*Your goal:* Below are some records. Return exactly the lines from the one with "Debris covers a" to the one with "BROKEN DOWN CARDBOARD BOXES", and nothing else.

*Material to process:*
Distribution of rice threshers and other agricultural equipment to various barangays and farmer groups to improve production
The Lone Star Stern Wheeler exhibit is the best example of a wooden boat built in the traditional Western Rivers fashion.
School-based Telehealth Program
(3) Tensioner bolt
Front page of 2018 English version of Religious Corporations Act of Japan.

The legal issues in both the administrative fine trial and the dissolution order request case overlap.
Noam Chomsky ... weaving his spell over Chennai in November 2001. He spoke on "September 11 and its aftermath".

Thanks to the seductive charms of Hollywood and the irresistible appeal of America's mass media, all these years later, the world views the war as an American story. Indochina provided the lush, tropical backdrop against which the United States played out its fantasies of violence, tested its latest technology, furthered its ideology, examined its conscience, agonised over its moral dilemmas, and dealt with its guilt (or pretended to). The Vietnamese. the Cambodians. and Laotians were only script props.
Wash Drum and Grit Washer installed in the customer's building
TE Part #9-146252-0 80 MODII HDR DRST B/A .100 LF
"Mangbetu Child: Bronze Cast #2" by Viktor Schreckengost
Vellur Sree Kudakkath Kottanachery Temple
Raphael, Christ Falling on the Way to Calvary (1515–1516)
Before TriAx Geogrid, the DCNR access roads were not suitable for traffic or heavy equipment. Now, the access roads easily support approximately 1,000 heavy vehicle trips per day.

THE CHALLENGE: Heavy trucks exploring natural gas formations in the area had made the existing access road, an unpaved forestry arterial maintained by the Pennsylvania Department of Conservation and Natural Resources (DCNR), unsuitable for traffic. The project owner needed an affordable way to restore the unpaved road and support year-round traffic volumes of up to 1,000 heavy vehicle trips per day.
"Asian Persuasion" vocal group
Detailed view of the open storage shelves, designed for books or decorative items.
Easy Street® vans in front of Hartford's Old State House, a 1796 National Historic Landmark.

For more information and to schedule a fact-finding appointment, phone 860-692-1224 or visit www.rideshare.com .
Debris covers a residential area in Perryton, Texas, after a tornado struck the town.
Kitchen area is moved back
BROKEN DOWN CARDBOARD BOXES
==
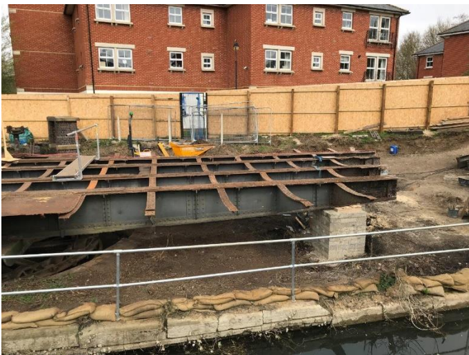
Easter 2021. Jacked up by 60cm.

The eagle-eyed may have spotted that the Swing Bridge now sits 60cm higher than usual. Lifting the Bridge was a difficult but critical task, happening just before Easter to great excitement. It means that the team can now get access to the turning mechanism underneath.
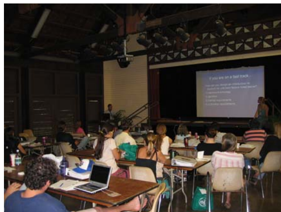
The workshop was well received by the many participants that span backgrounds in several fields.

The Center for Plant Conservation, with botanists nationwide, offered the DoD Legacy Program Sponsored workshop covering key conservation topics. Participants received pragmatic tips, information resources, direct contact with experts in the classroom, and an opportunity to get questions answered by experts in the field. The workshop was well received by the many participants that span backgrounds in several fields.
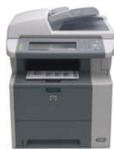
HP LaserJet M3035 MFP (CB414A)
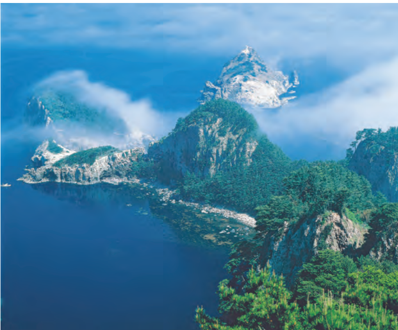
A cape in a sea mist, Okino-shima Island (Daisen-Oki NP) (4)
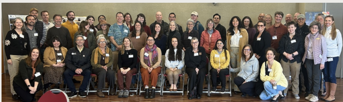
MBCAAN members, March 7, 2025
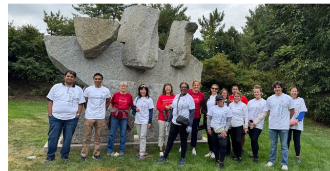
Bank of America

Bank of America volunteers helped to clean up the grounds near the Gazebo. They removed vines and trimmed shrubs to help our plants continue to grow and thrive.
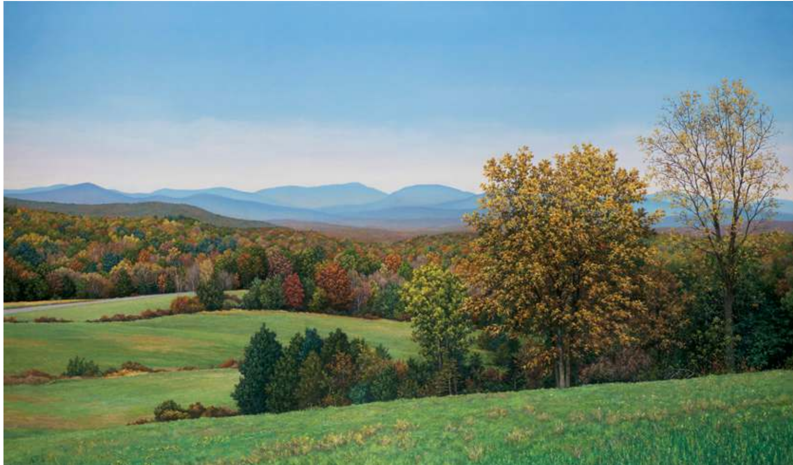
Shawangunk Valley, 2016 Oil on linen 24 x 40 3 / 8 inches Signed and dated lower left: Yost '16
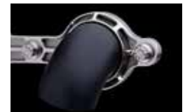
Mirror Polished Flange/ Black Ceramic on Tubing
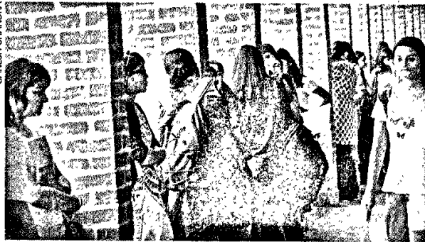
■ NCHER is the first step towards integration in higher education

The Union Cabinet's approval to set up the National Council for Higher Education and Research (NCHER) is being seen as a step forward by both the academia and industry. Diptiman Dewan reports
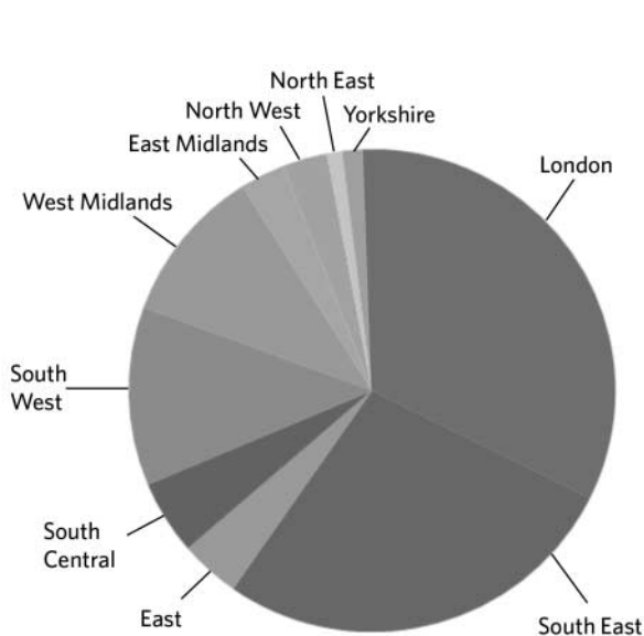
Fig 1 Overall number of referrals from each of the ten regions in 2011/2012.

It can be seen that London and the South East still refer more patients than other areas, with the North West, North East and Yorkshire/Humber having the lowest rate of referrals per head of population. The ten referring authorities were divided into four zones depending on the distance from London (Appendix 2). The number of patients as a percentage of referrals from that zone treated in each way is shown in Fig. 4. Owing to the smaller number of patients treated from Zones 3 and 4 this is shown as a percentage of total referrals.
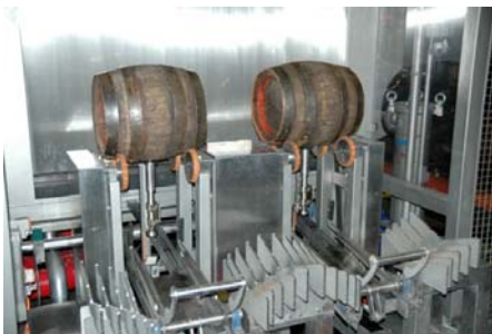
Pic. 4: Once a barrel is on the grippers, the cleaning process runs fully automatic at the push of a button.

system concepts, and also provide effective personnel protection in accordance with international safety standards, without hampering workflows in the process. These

*Exercise result:*
Debris covers a residential area in Perryton, Texas, after a tornado struck the town.
Kitchen area is moved back
BROKEN DOWN CARDBOARD BOXES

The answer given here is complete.